Donna McKechnie
Same Place: Another Time
54 Below, NYC, August 9, 2015
Reviewed by Joel Benjamin for Cabaret Scenes
Donna McKechnie exudes a warmth that is contagious. As she danced onto the stage at 54 Below to a disco version of “Where or When” (Rodgers & Hart), you knew you were in for a good time. Same Place: Another Time is a musical tour of McKechnie’s successes from the 1970s on. (Tony Award, anyone?!)

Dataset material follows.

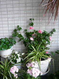 アイビーゼラニウムは、壁に這わせたりハンギングにできて普通のゼラニウムより雰囲気があります。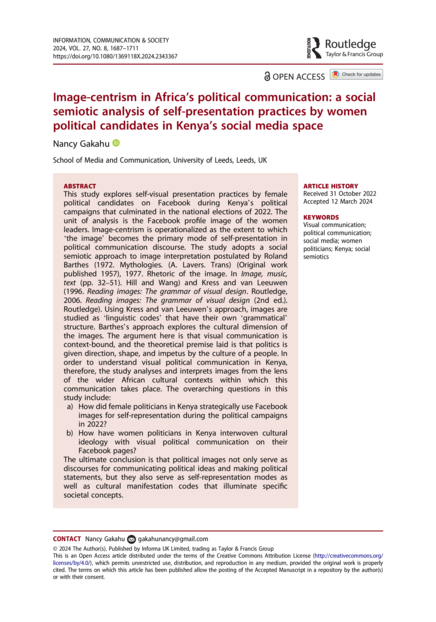 "This study explores self-visual presentation practices by female political candidates on Facebook during Kenya’s political campaigns that culminated in the national elections of 2022. The unit of analysis is the Facebook profile image of the women leaders. Image-centrism is operationalized as the extent to which ‘the image’ becomes the primary mode of self-presentation in political communication discourse. The study adopts a social semiotic approach to image interpretation postulated by Roland Barthes (1972) and Kress and van Leeuwen (1996). Using Kress and van Leeuwen’s approach, images are studied as ‘linguistic codes’ that have their own ‘grammatical’structure. Barthes’s approach explores the cultural dimension of the images. The argument here is that visual communication is context-bound, and the theoretical premise laid is that politics is given direction, shape, and impetus by the culture of a people. In order to understand visual political communication in Kenya, therefore, the study analyses and interprets images from the lens of the wider African cultural contexts within which this communication takes place. The overarching questions in this study include: a) How did female politicians in Kenya strategically use Facebook images for self-representation during the political campaigns in 2022? b) How have women politicians in Kenya interwoven cultural ideology with visual political communication on their Facebook pages? The ultimate conclusion is that political images not only serve as discourses for communicating political ideas and making political statements, but they also serve as self-representation modes as well as cultural manifestation codes that illuminate specific societal concepts." (Abstract)

Her chat covered both her romantic life and her professional triumphs. The joy of love was expressed in an exuberant “What More Do I Need?” (Sondheim), and the frustrations in a sardonic “I Never Know When to Say When” (Leroy Anderson/Jean & Walter Kerr/Joan Ford). “You’re Moving Out Today” (Carole Bayer Sager/Bette Midler/Bruce Roberts), sung with a zesty bitterness, was the nail in the coffin of the affair
When doing A Chorus Line in Los Angeles, Fred Astaire took her to dinner. “Astaire” (Ann Hampton Callaway/Lindy Robbins) was the perfect number to accompany this wide-eyed tale of hero worship. Of course, she had to sing something from A Chorus Line. After telling a sweet story about Marvin Hamlisch accompanying her at her first audition, she sang a transcendentally touching “At the Ballet” (Hamlisch/Kleban).
Most recently, she was the standby for Chita Rivera in Kander & Ebb’s The Visit from which she sang “I Walk Away,” the main character’s credo of profiting from her many marriages, mining the song for all its callous humor. Also from that show, “Love and Love Alone,” performed with dancer Emily Mechler, was almost meditative in its quiet intensity.
McKechnie ended on a sweet note with Jim Croce’s “Time in a Bottle.”
Steve Marzullo was her terrific musical director, with Ray Grappone on drums and Ray Kilday on bass. They provided a witty, colorful musical accompaniment to McKechnie’s stories and songs.